[Stored dataset items]
───
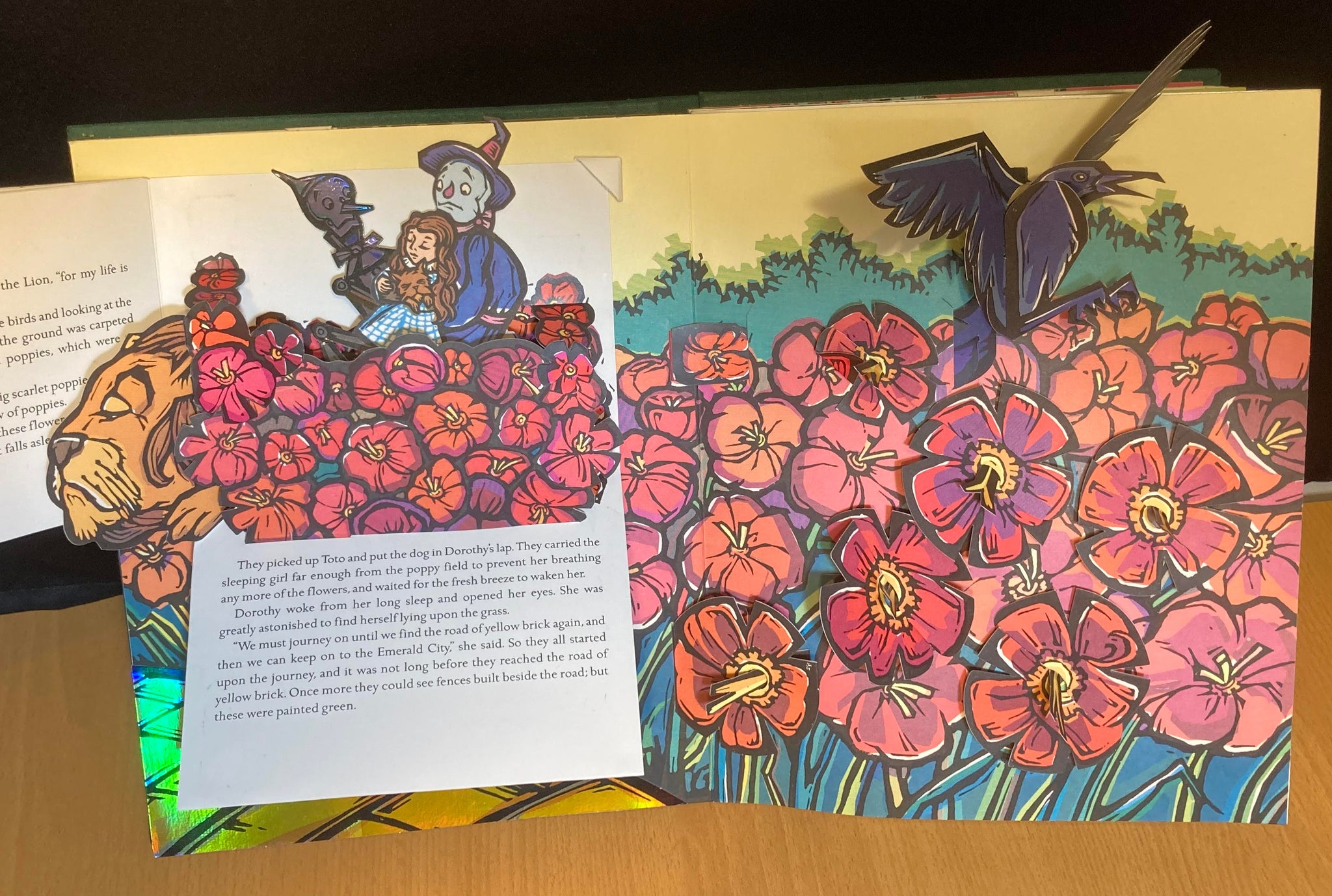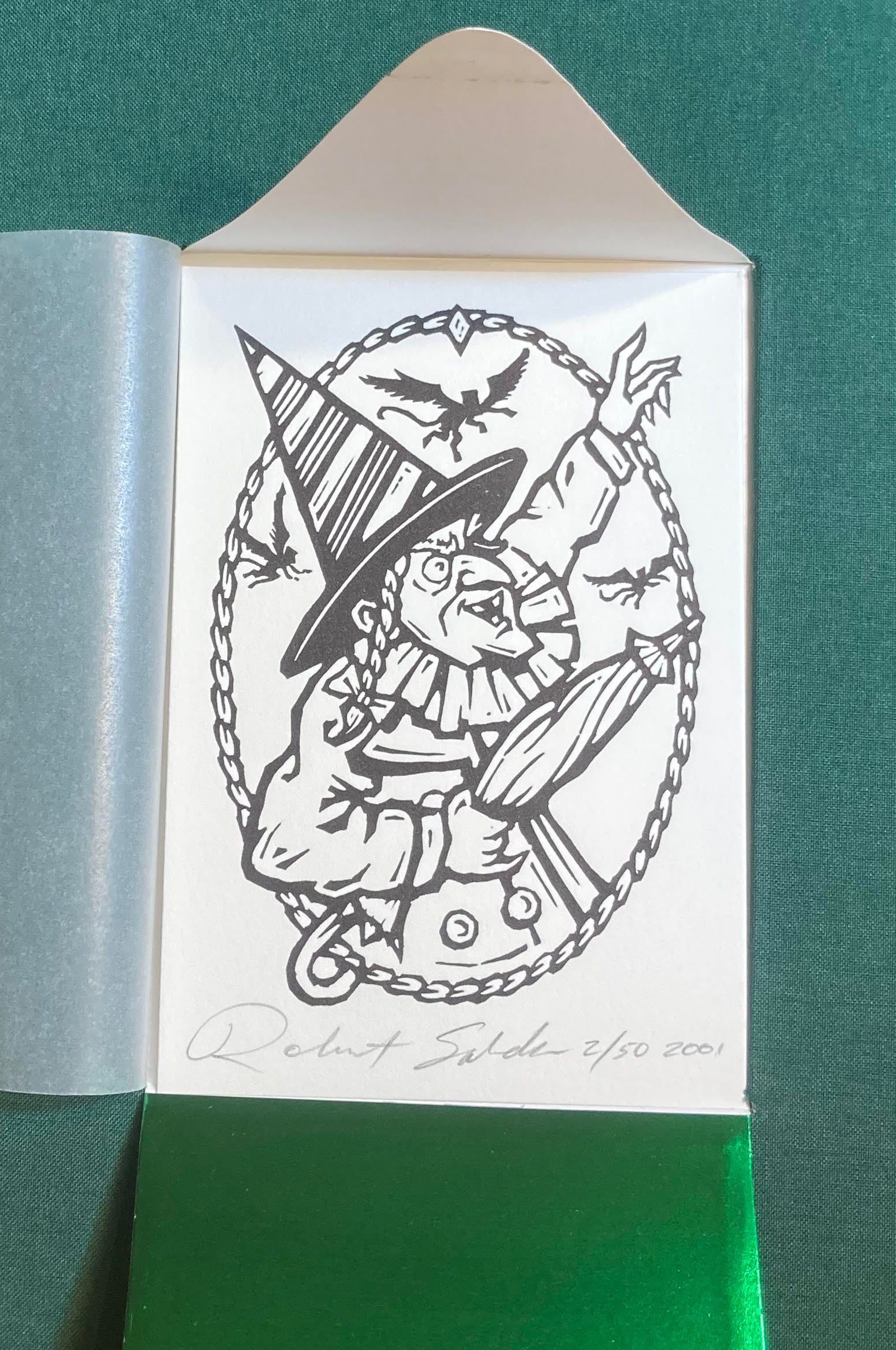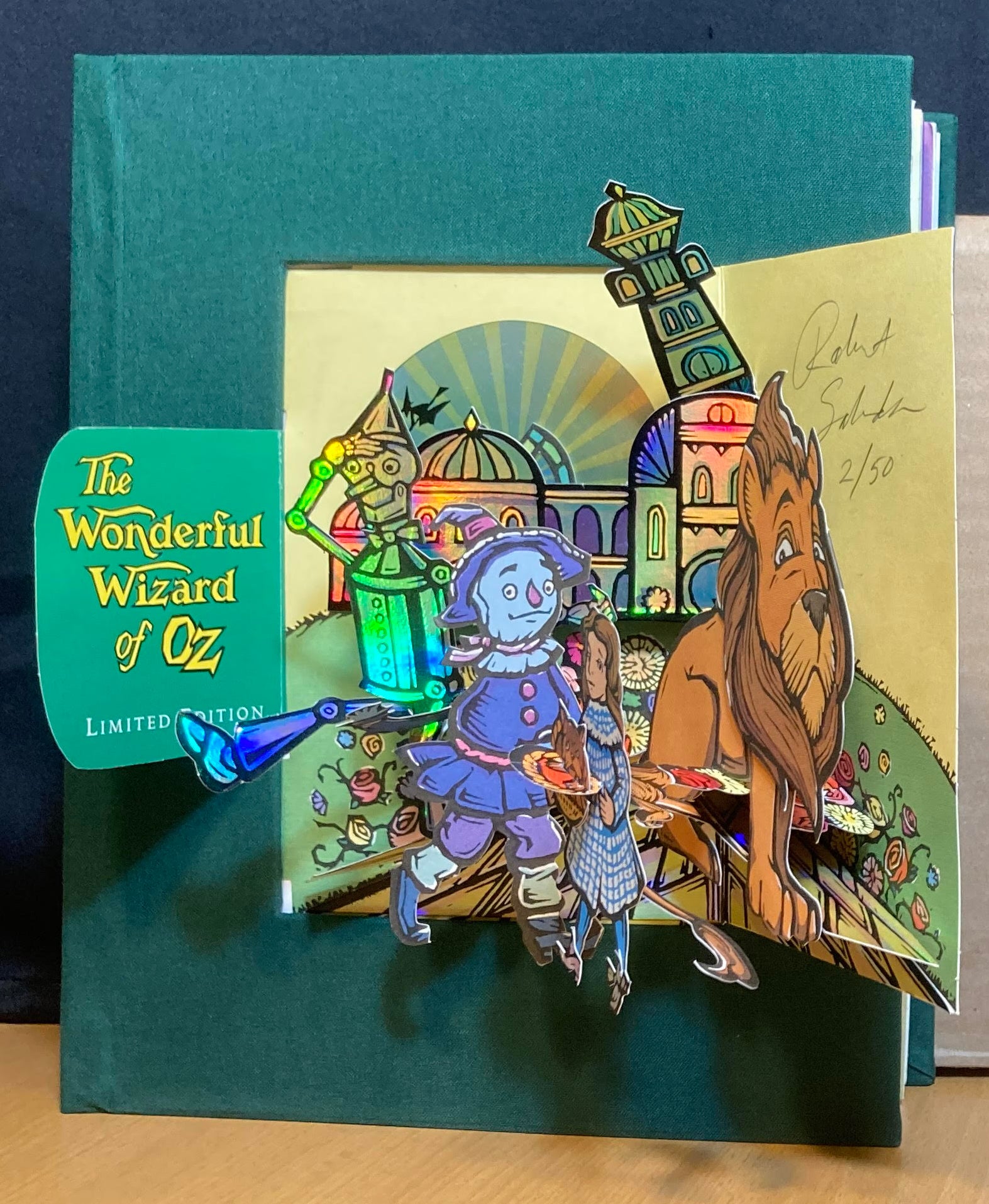 [SABUDA, Robert]. The Wonderful Wizard of Oz. [by L. Frank Baum. Illustrated with paper-engineering by Robert Sabuda]. [NY: Books of Wonder / Simon & Schuster, 2000]. 8vo, [10]pp. Green cloth with spine stamped in gold and pictorial pop-up label affixed to the box, housed in a green cloth slipcase with signed and numbered print cleverly encased in a holder inlaid on the front. A fine copy in original slipcase and box (bearing a paper label with the matching limitation number). Signed and numbered by the artist, Robert Sabuda, on the limitation pop-up on the front cover of the book and the print lid into a folding presentation holder inlaid on the front of the slipcase.
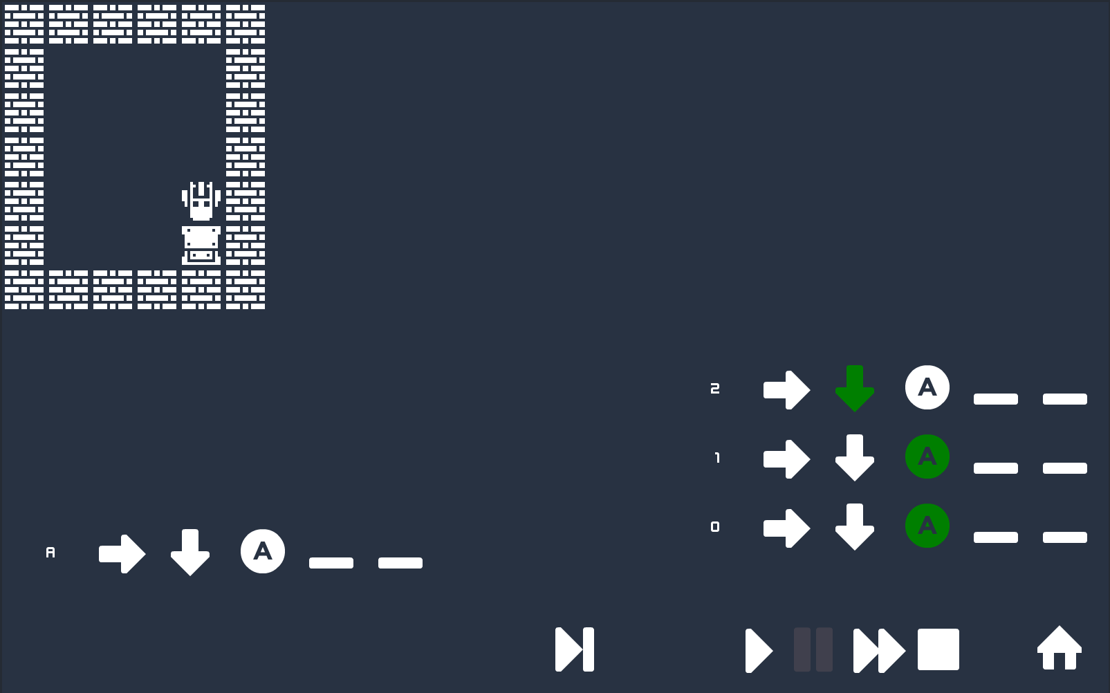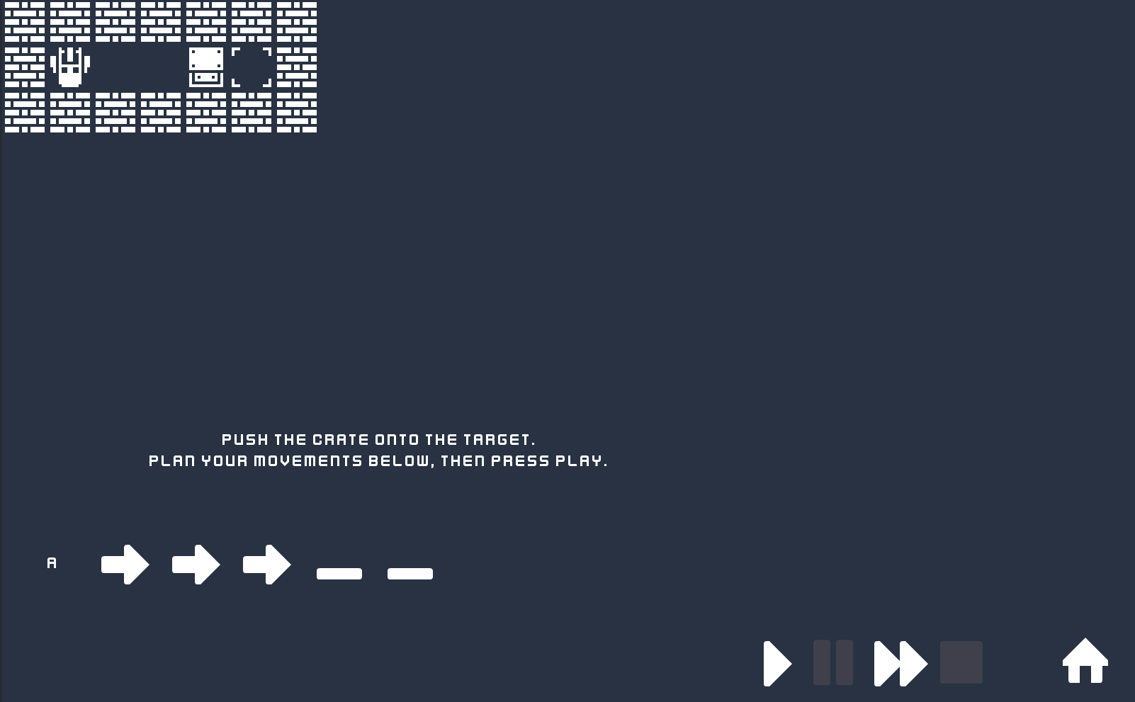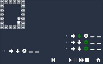 Change the movement commands in the lower left corner by clicking them. When you're ready to test your algorithm, press the play button and see what happens.
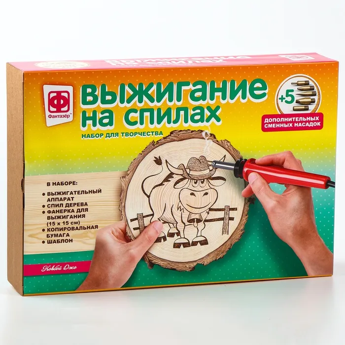 Выжигание по дереву: аппарат с насадками, доски 5 шт., набор для творчества
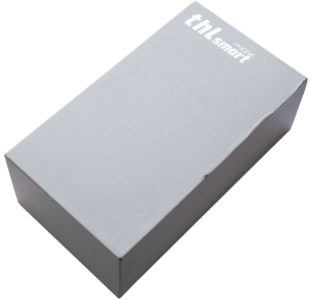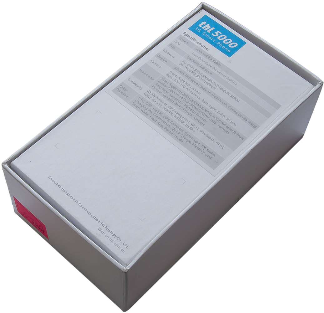 Смартфон THL 5000 поставляется в достаточно большой белой коробке из плотного картона, на нижней стороне коробки перечислены технические характеристики смартфона.
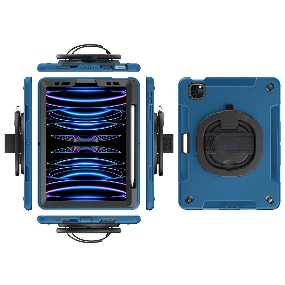 iPad Air 10.9-11" (2025-2020) / Pro 11" (2022-2018) EIDERWOOD Håndværker Cover med Beskyttelsesfilm, Apple Pencil Holder & Håndholder - Blå
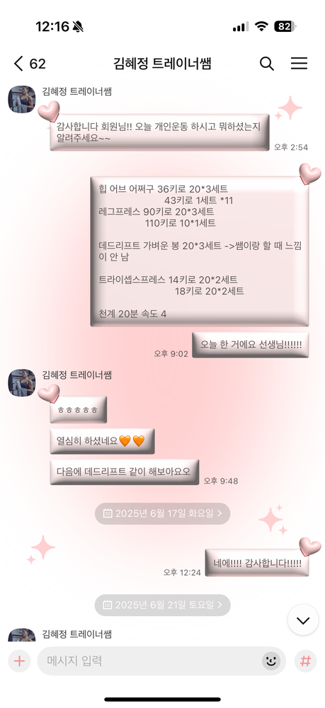혜정 트레이너님 덕분에 운동에 점점 재미를 붙이고 있어요! 원래 운동이랑은 정말 안 친했고 시작할 땐 체력도 약하고 자신감도 많이 없었는데 차근차근 알려주시고 자신감도 실어주셔서 덕분에 꾸준히 하게 됐어요ㅎㅎ 체력도 예전보다 훨씬 좋아지고 체형도 조금씩 예쁘게 잡히는 게 느껴져서 거울 볼 때마다 뿌듯해요! 감사합니다🩷✨
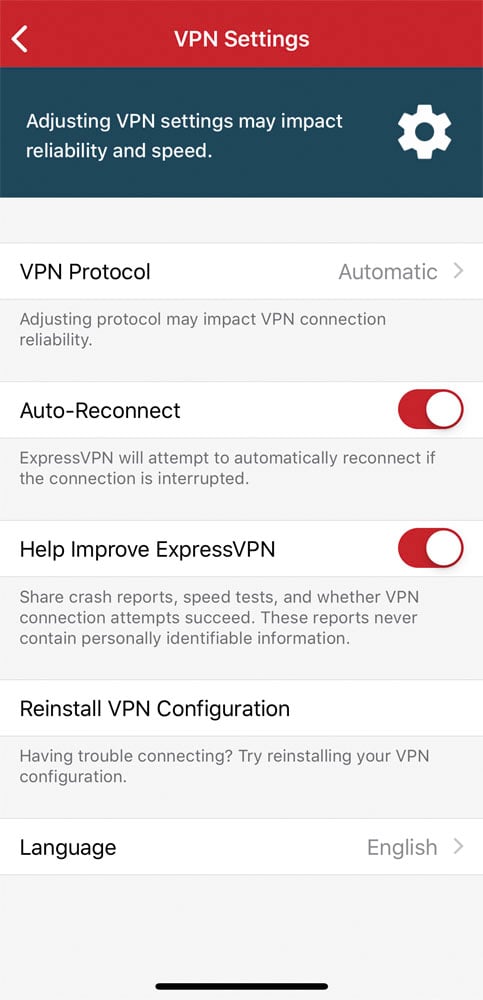 In addition, the service offers DNS leak protection and IPv6 leak protection, split tunneling and a built-in kill switch -- the last of which is not available on mobile apps. We can't blame ExpressVPN for this as this is pretty much given with all VPN mobile apps.
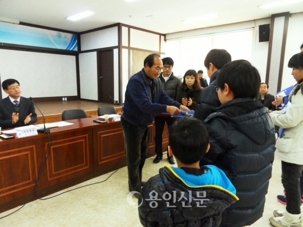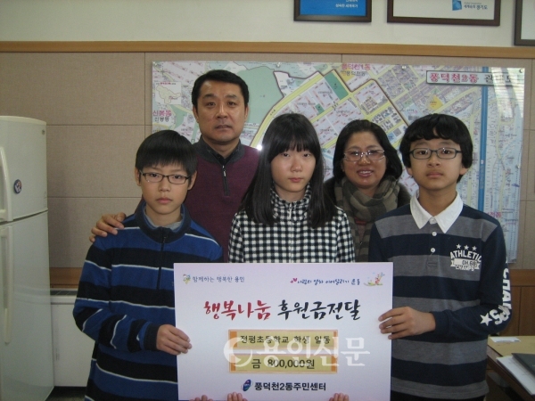 8. 정평초등학교 남기운 교사와 전교어린이회 임원들이 지난 11일 풍덕천2동주민센터에 전교생을 대상으로 모금한 이웃돕기 성금 80만원을 전달했다.
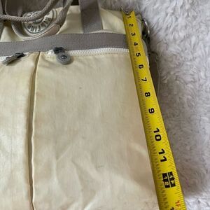 Kipling off white Nylon shoulder bag with gray fabric trims and straps .Two front zipper pockets a front zipper compartment a back compartment with snap closure ,top zipper the inside lining has a side zipper two side pockets. Pre owned in good used condition no tear normal wear see all pictures any questions please message.F6
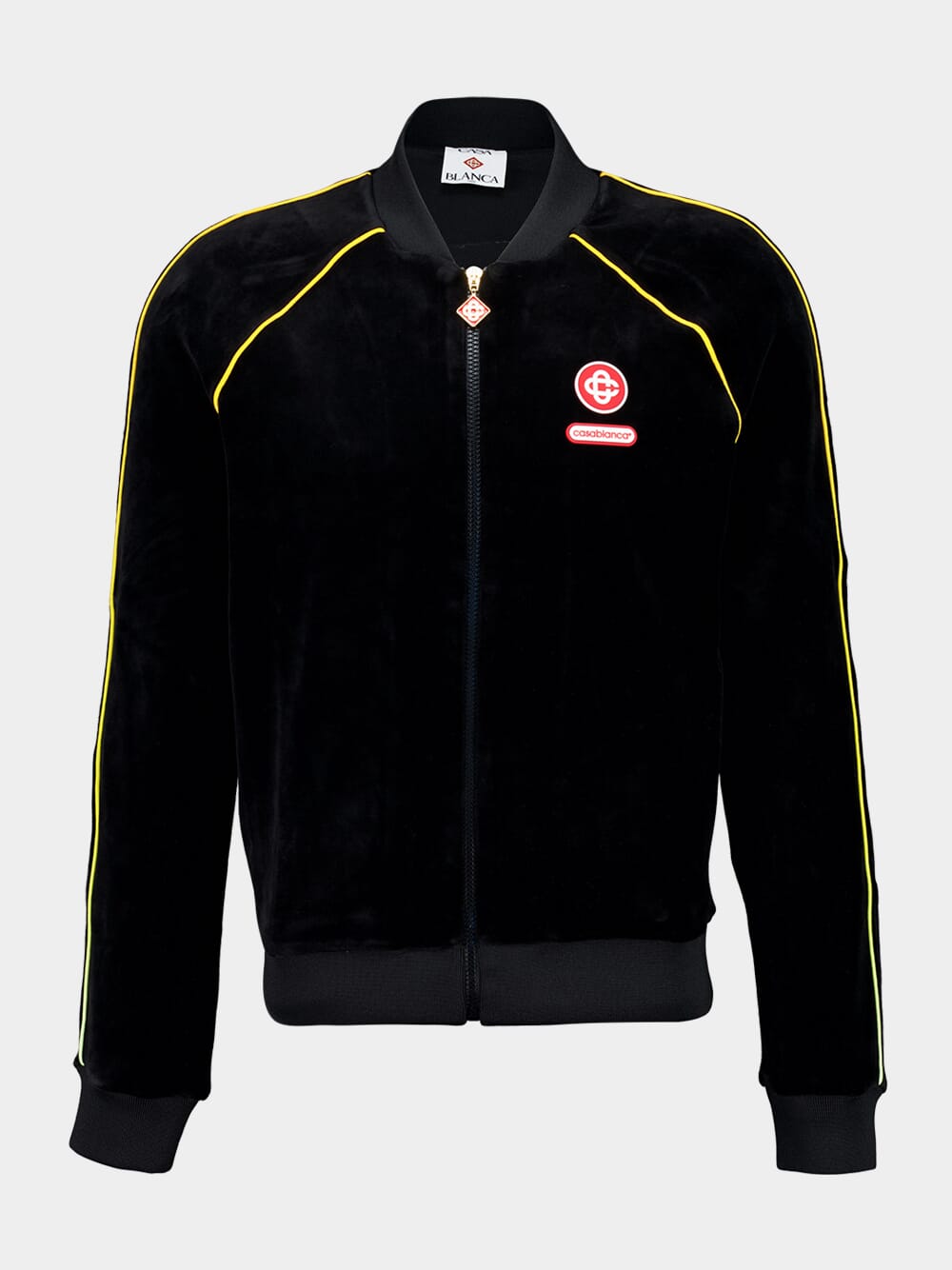 These Casablanca track pants are crafted in Portugal from plush black velour, tailored in a straight-leg silhouette with relaxed fit. Featuring gradient piping along the sides, pin-tuck seams, and a drawstring waistband, they combine elevated sportswear design with comfort. The interlocking CC emblem and Casablanca logo lend signature detailing, while practical side and back zip pockets complete the look.
───
▶ _PROBLEM TO WORK ON_:
When restating the records word for word, omit any picture they contain.

▶ _EXPECTED ANSWER_:
 [SABUDA, Robert]. The Wonderful Wizard of Oz. [by L. Frank Baum. Illustrated with paper-engineering by Robert Sabuda]. [NY: Books of Wonder / Simon & Schuster, 2000]. 8vo, [10]pp. Green cloth with spine stamped in gold and pictorial pop-up label affixed to the box, housed in a green cloth slipcase with signed and numbered print cleverly encased in a holder inlaid on the front. A fine copy in original slipcase and box (bearing a paper label with the matching limitation number). Signed and numbered by the artist, Robert Sabuda, on the limitation pop-up on the front cover of the book and the print lid into a folding presentation holder inlaid on the front of the slipcase.
 Change the movement commands in the lower left corner by clicking them. When you're ready to test your algorithm, press the play button and see what happens.
 Выжигание по дереву: аппарат с насадками, доски 5 шт., набор для творчества
 Смартфон THL 5000 поставляется в достаточно большой белой коробке из плотного картона, на нижней стороне коробки перечислены технические характеристики смартфона.
 iPad Air 10.9-11" (2025-2020) / Pro 11" (2022-2018) EIDERWOOD Håndværker Cover med Beskyttelsesfilm, Apple Pencil Holder & Håndholder - Blå
혜정 트레이너님 덕분에 운동에 점점 재미를 붙이고 있어요! 원래 운동이랑은 정말 안 친했고 시작할 땐 체력도 약하고 자신감도 많이 없었는데 차근차근 알려주시고 자신감도 실어주셔서 덕분에 꾸준히 하게 됐어요ㅎㅎ 체력도 예전보다 훨씬 좋아지고 체형도 조금씩 예쁘게 잡히는 게 느껴져서 거울 볼 때마다 뿌듯해요! 감사합니다🩷✨
 In addition, the service offers DNS leak protection and IPv6 leak protection, split tunneling and a built-in kill switch -- the last of which is not available on mobile apps. We can't blame ExpressVPN for this as this is pretty much given with all VPN mobile apps.
 8. 정평초등학교 남기운 교사와 전교어린이회 임원들이 지난 11일 풍덕천2동주민센터에 전교생을 대상으로 모금한 이웃돕기 성금 80만원을 전달했다.
 Kipling off white Nylon shoulder bag with gray fabric trims and straps .Two front zipper pockets a front zipper compartment a back compartment with snap closure ,top zipper the inside lining has a side zipper two side pockets. Pre owned in good used condition no tear normal wear see all pictures any questions please message.F6
 These Casablanca track pants are crafted in Portugal from plush black velour, tailored in a straight-leg silhouette with relaxed fit. Featuring gradient piping along the sides, pin-tuck seams, and a drawstring waistband, they combine elevated sportswear design with comfort. The interlocking CC emblem and Casablanca logo lend signature detailing, while practical side and back zip pockets complete the look.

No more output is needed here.